When Kaylin made no immediate reply, Helen said, “You have choices that we do not. The Ancients created us for a purpose. They devised the beginning of our conscious lives, and they saw to the end of them. Everything within the parameters of our creation is open to us. Everything beyond or external to them...is not.
“You have said we have the power of gods within our own boundaries. We do not. We cannot create life, although we can destroy it. We can speak, but if no one crosses our threshold, we cannot be heard. We have purpose, but it is a purpose dependent, always, on others.” She reddened. “And I speak, of course, for myself, not for Gilbert. Gilbert can move independently. He can make decisions that I could not, before my injury, make. He can make connections that are still, by my very nature, denied me.”
“Yes. Apologies, Helen. Yet if I can make those connections, my interactions are nonetheless prescribed. Yours, Kaylin, Kattea’s, perhaps your companions’, are not. They do not exist in all of the planes of being.”
“We have names,” Bellusdeo told him, her voice unusually gentle.
“Kaylin and Kattea do not even have that. Yet they think, they speak, they plan. Perhaps the wisdom of their plans can be called into question—but they have a choice and they make it, unhindered.”
Kaylin cleared her throat. “We don’t.”
“You do.”
“No. We’ve got choices, sometimes. But what choice did Kattea have? Did she choose to lose her parents? Did she choose to lose her home? Did she choose to be hunted by Ferals?”
“Kitling—”
“Did she choose to meet you outside of Castle Nightshade?”
“Kitling, I think—”
“He’s romanticizing poverty and desperation, Teela.
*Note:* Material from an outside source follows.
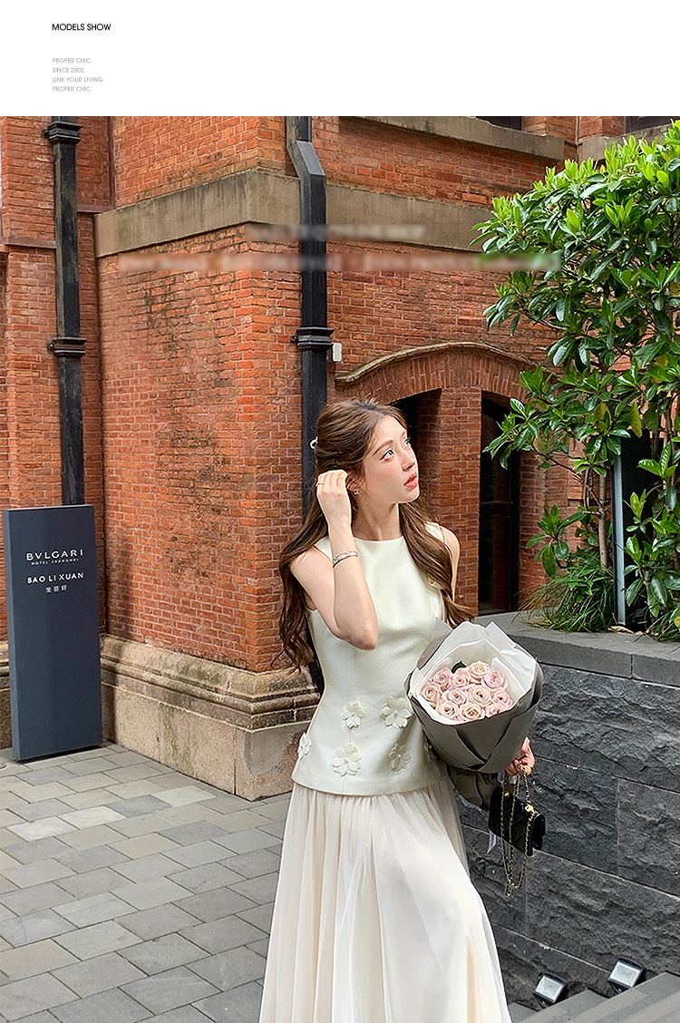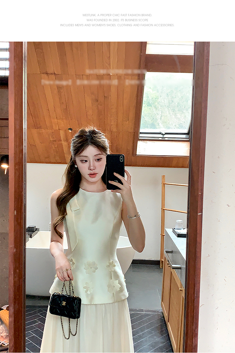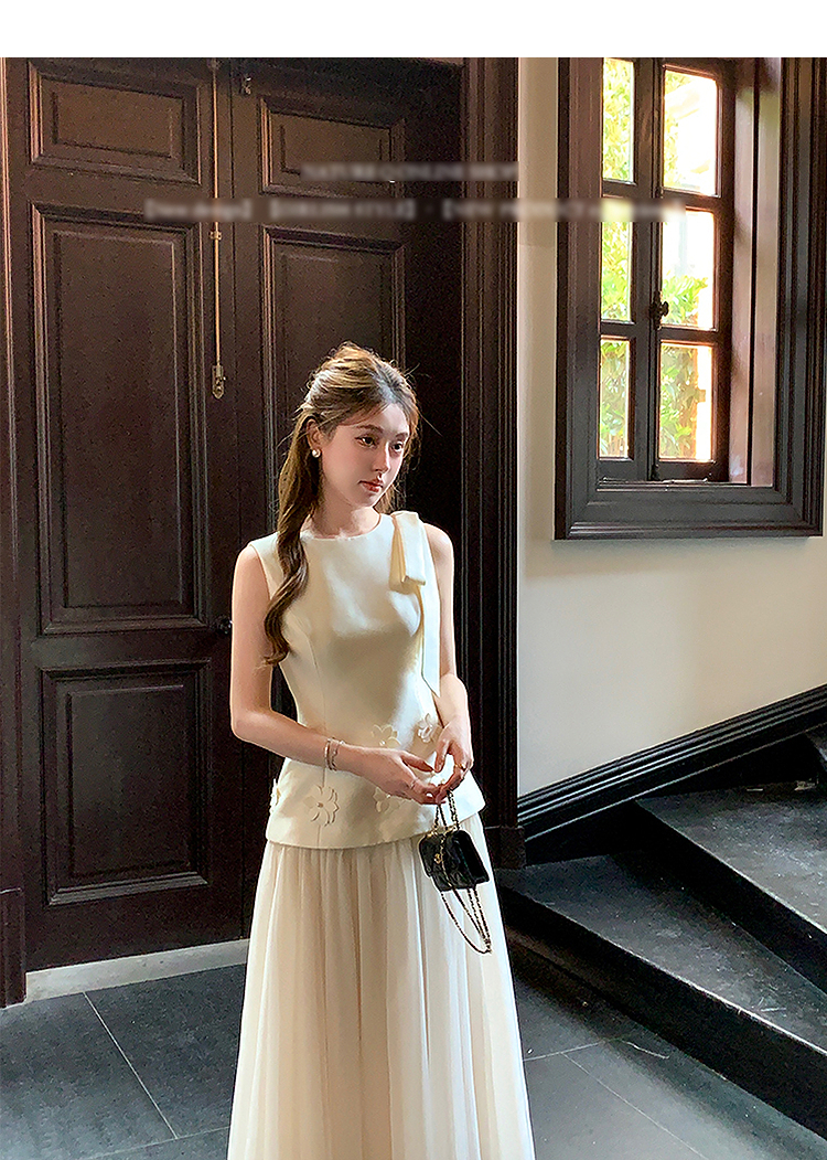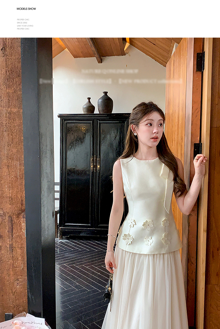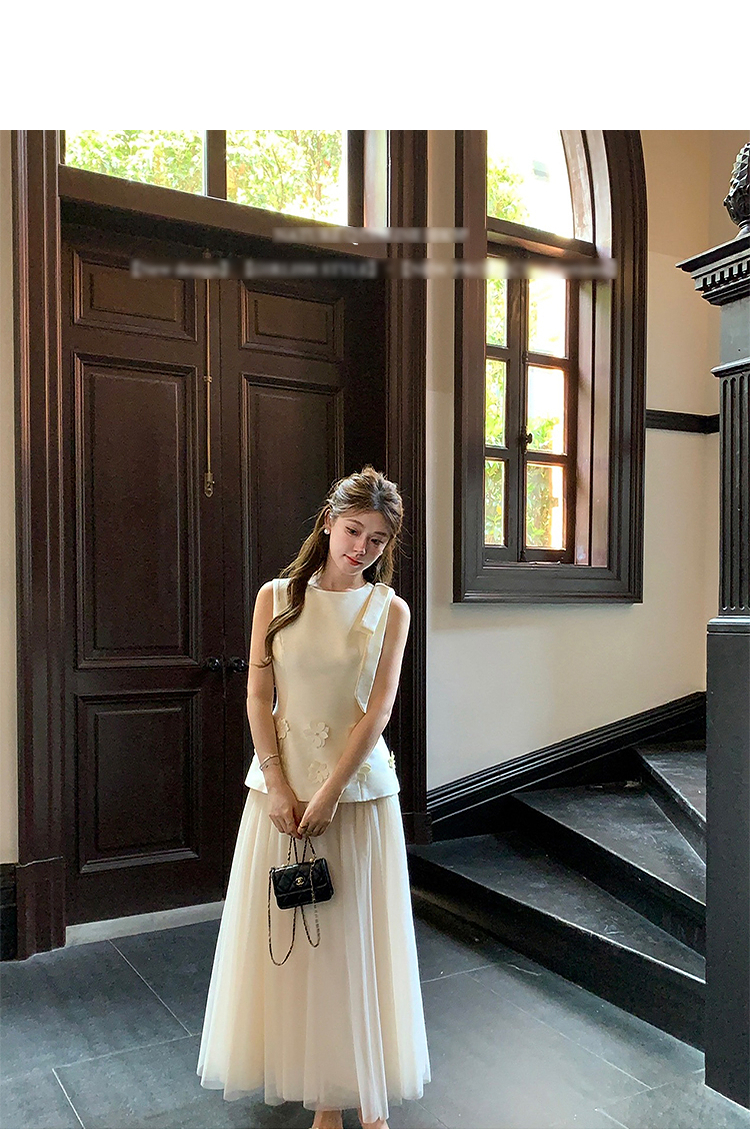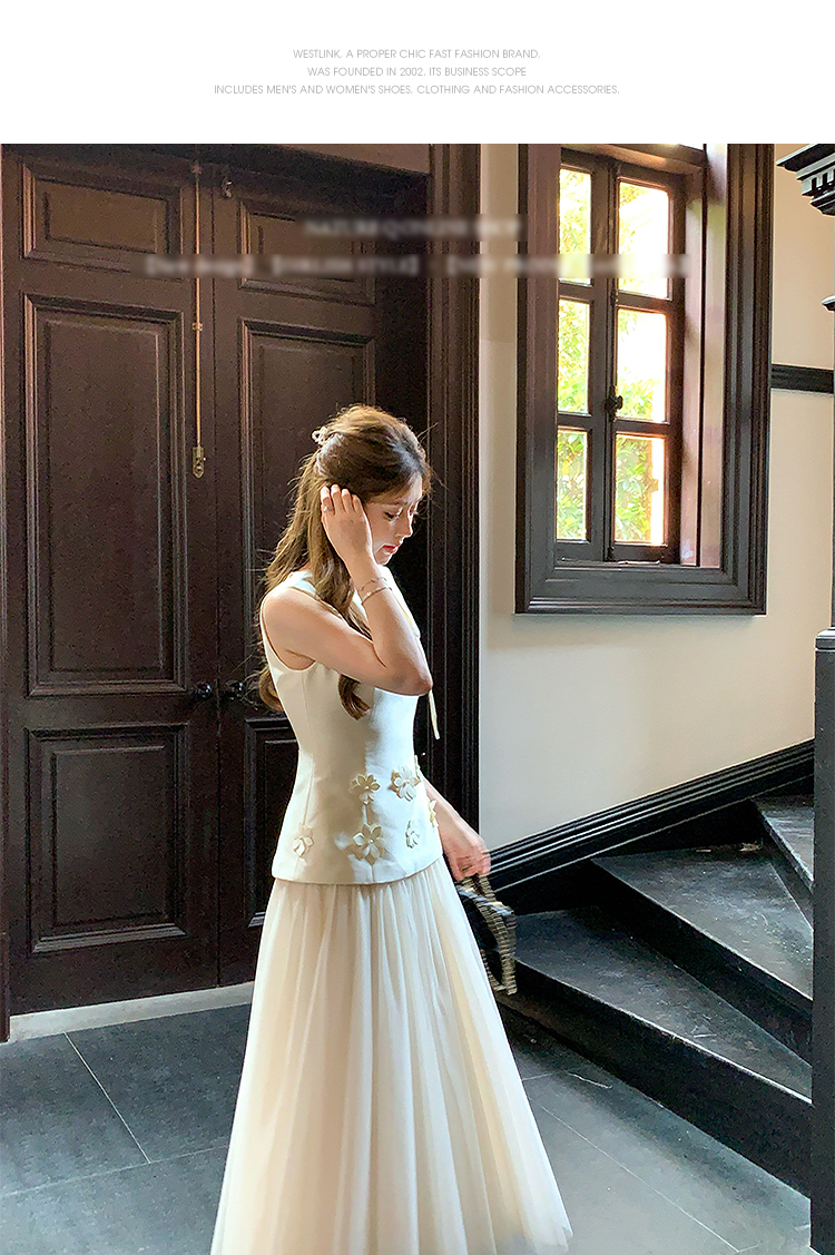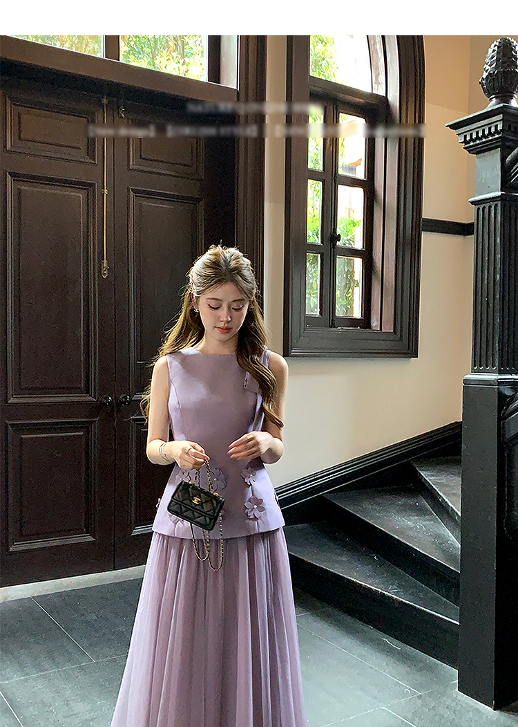 西遇拼接网纱连衣裙女夏季新款立体花朵收腰圆领无袖仙女裙SS050834

If he’s going to talk about choice that way, I want him to understand what he’s actually saying. Yes, our lives aren’t predetermined. They’re not fixed. But we need to eat. We need to keep warm. We need to sleep. We don’t get to choose where we’re born, or how, or to who. We’re not guaranteed to get any of the things we need. We’re just as trapped by the things we need and the things we fear as you are by the words at your core—but most of us will never, ever be able to do the things those words allow you to do.
“If Kattea had met Ferals instead of you, she’d be dead. You’d never find enough—”
“Kitling.”
Kaylin stopped.
Kattea, however, threw Teela a look that seemed far too old for her face. “Why are you making her stop? She’s right.”
“I think Teela is concerned about the effects discussing your death might have on you,” Helen offered.
“Because the discussion would change it? She’s right. If Gilbert hadn’t found me, I’d be dead. If Gilbert had been a different person, I might be alive—but I might not be free. At all. I have no family to protect me. No one who would care if I disappeared. I don’t expect Gilbert to understand all this—he didn’t even understand breathing. No, I mean it. He didn’t. He didn’t really understand eating, either. He doesn’t understand family. He doesn’t understand anything. But Kaylin does understand. And she should be allowed to speak.”
Kaylin shook her head. “I think you’ve just said everything I was going to say.”
“I didn’t. Do you know what the two days before I met Gilbert were like?”
Kaylin closed her eyes. “I can imagine.”
“Gilbert protects me. But I help him, too.”
“And how,” Mandoran drawled, “do you do that? If you’re so helpless, so powerless, how do you help him?”
She flushed, but continued, her expression clearly shouting I don’t like you. “Because he doesn’t know anything. I explain things.”
Mandoran was clearly not impressed with the ability of a mortal child to explain anything. Kaylin was about to kick him when Helen intervened.
“She explains her life,” she told the condescending Barrani. “And it is her life, and lives like it, that are most foreign to our experience. How she sees, what she sees, what she knows, what she doesn’t know—this information is of incalculable value. Do not deride it. It is information that we cannot otherwise possess.”
“It’s not just information,” Kattea continued, with less anger and more confidence. “If I’m not with him, Gilbert can’t go home.”
*
Squawk.
Gilbert turned to the empty space occupied by an invisible familiar. He replied. Kaylin couldn’t understand a word he spoke, but the familiar didn’t have that problem. Neither did Mandoran, who joined in.
Kaylin and Kattea ate while they argued, as did Severn. There was no point in starving.
“Are they always like this?” Kattea whispered.
“Yes. And they can hear you two rooms away, even if you whisper.”
“Oh. I don’t like him.”
“Mandoran?”
“Is that his name?”
“It’s the polite version.”
“What’s the rude version?”
“Kitling,” Teela warned.
“It’s not a name,” Kaylin clarified. “Look, I won a bet, right?”
Kattea nodded.
“So, let me ask you some questions.”
“About the murders?”
“Got it in one.”
Kattea nodded. “We didn’t kill them,” she said.
“Did you see them alive at any point?”